In 2009, Gairdner created Tiny Fuppets, an animated parody of Jim Henson's Muppet Babies. The show was named as "Most Bizarre Knockoff Ever" by Huffington Post.

For two years (2010–2012) he worked at Funny or Die as a staff writer and director.

In 2012, he was hired to work for the TBS show Conan as a writer and director. During his time working for Conan, he shot dozens of sketches for the show.

He created and served as the executive producer of Moonbeam City, an animated series on Comedy Central that debuted on September 16, 2015. Gairdner credits the videos he posted on his YouTube channel for gaining the attention of Funny or Die, and later, Conan, which in turn served as the "springboard" that led to him being able to create Moonbeam City.

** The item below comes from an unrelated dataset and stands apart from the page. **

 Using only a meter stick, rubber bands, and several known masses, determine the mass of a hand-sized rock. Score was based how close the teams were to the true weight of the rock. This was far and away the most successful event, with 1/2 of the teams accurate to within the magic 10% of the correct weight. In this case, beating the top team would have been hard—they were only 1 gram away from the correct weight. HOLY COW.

In 2017, as part of promoting the latest installment in his Clip Cup series, Gairdner helped launch the fictitious OTT platform Vioobu, which managed to dupe several publications, as well as viewers, due to its expansive library of content.

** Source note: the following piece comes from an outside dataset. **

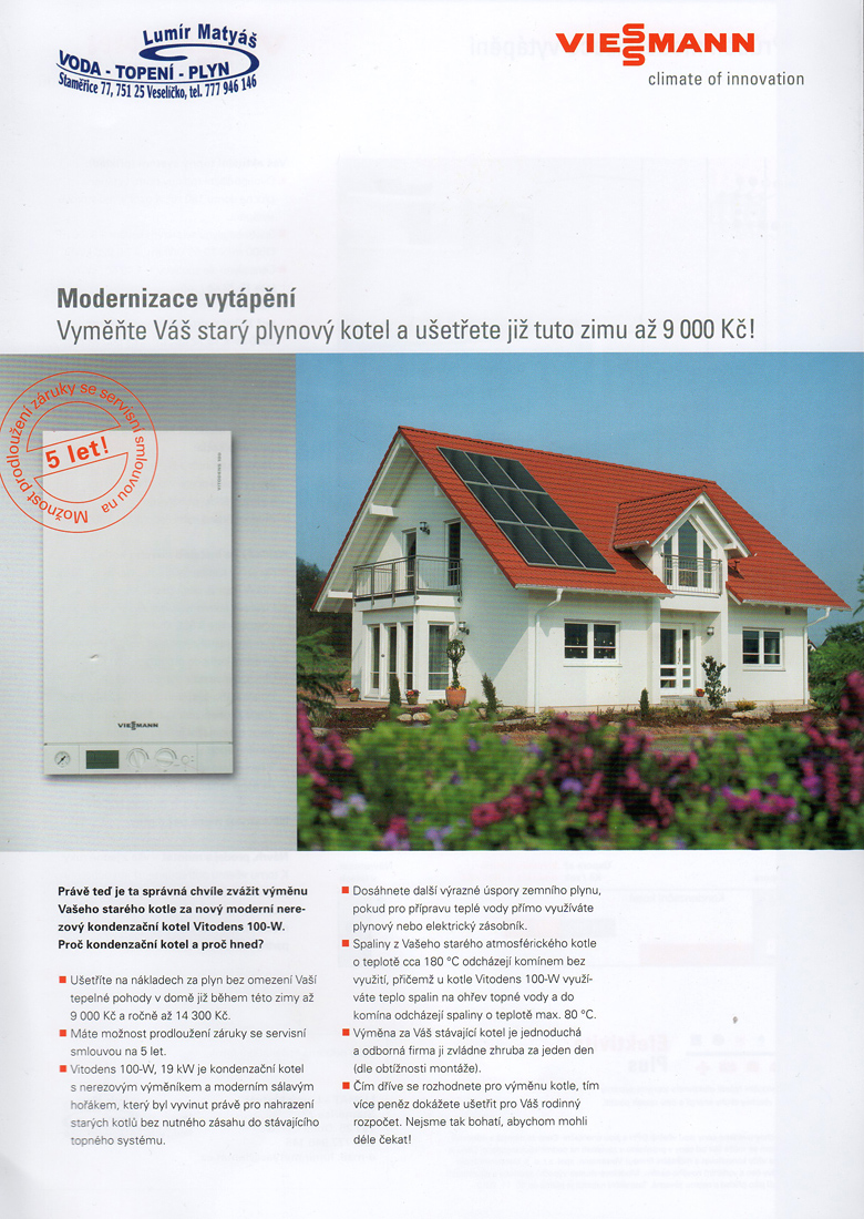 Montáž, rekonstrukce, revize a plynofikace: - kotelny montáž - domovní a průmyslové plynovodyrevize - tlakové nádobyMontáž: - ekvitermní regulacePlynoinstalační práceMontáž: - zařízení pro solární ohř...

Since 2017, Gairdner has co-hosted a theme park podcast, Podcast: The Ride, alongside fellow comedians and theme park fans Mike Carlson and Jason Sheridan.

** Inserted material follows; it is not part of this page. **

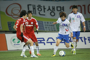 수원시청이 실업축구 최강을 가리는 내셔널리그에서 사상 첫 우승에 한발 다가섰다. 수원은 16일 대전 한밭종합운동장에서 열린 대한생명 2010 내셔널리그 챔피언결정 1차전 원정경기에서 상대 골키퍼의 자책골과 장지욱의 쐐기골에 힘입어 대전 한국수력원자력을 2-0으로 완파하고 먼저 1승을 챙겼다. 이로써 지난 2005년과 2007년, 2008년 세차례나 챔피언결정전에 오르고도 마지막 고비를 넘기지 못해 통합 챔피언에 오르지 못한 채 세번 모두 준우승에 그쳤던 수원은 오는 20일 수원종합운동장에서 열리는 홈 경기에서 비기기만 해도 창단 이후 첫 우승을 달성하게 된다. 전기리그 10위에 그치며 부진했던 수원은 후기리그에 8승6무로 무패행진을 이어가며 4강 플레이오프에 진출한 뒤 4강에서 ‘시청 라이벌’ 강릉시청을 3-1로 제압하며 챔피언 결정전에 오른 상승세를 이날도 이어갔다. 수원은 전반 초반부터 대전을 거세게 몰아붙이며 선제골 사냥에 나섰고 전반 26분 상대 골키퍼의 자책골로 기선을 잡았다. 수원의 미드필더 이승환이 왼쪽 코너킥 상황에서 오른발로 길게 감아찬 공을 대전의 골키퍼 최규환이 제대로 잡지 못하고 볼을 골문 안쪽에 떨어뜨리며 자책골을 기록한 것. 상대 실

In 2021, Gairdner executive-produced and co-wrote 8 episodes of Saturday Morning All Star Hits!, a Netflix series created by Kyle Mooney and Ben Jones that pays tribute to Saturday morning cartoon blocks from the 1980s and 1990s.

In 2025, Gairdner was the segment director for the 97th Academy Awards, reuniting him with Conan O'Brien, who was hosting that year's ceremony. Gairdner discussed the experience in an episode of his podcast, in which he credited his skill at "cinematic cold opens" as the reason he was brought back. The ceremony began with a sequence, directed by Gairdner, in which O'Brien climbed out of the body of Demi Moore, referencing that year's best picture nominee The Substance. O'Brien returned as host in 2026 for the 98th Academy Awards, with Gairdner once again directing the ceremonies pre-filmed segments. This included an opening sequence where O'Brien, dressed as Aunt Gladys from the film Weapons, ran through many of the nominated films.

==Personal life==
He is married to Erin Pade and has two sons with her.